Oncologists Differ Widely on Offering Cancer Gene Testing, Study Finds | Melanoma Dispatch | Scoop.it

"Many cancer researchers believe that cutting-edge advances in genomics will pave the way for personalized or "precision" cancer medicine for all patients in the near future. A new study by researchers at Dana-Farber Cancer Institute, however, suggest that not all doctors are ready to embrace tests that look for hundreds of DNA changes in patients' tumor samples, while others plan to offer this type of cancer gene testing to most of their patients. The findings are published in the Journal of Clinical Oncology.
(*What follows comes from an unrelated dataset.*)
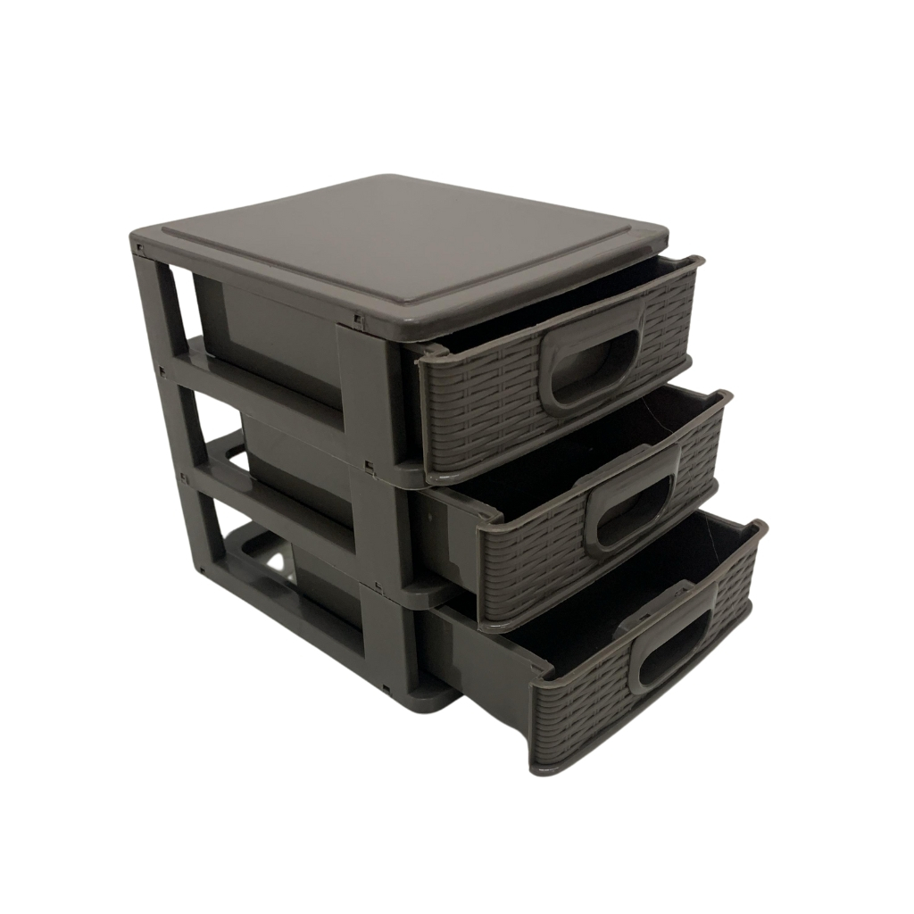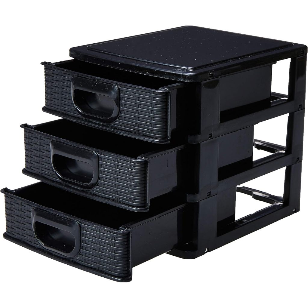 Gaveteiro Organizador De Mesa Micro Porta Tudo 3 Gavetas Cor Preto Branco Rosa e Cinza

"The wide variation in attitudes was in part determined by physicians' genomic confidence. Physicians who had a lot of confidence in their ability to use and explain genomic findings were more likely to want to prescribe the test and consider using test results when making treatment recommendations. Physicians with lower levels of genomic confidence were more reluctant to offer such testing. These findings are particularly interesting because the survey was carried out at the Dana-Farber/Brigham and Women's Cancer Center (DF/BWCC), which has a comprehensive research program that allows all consenting patients to have tumor testing that could find mutations and other DNA changes that drive their cancer. In some cases those genomic tumor profiles can provide targets for specific drugs known to be effective against particular mutations."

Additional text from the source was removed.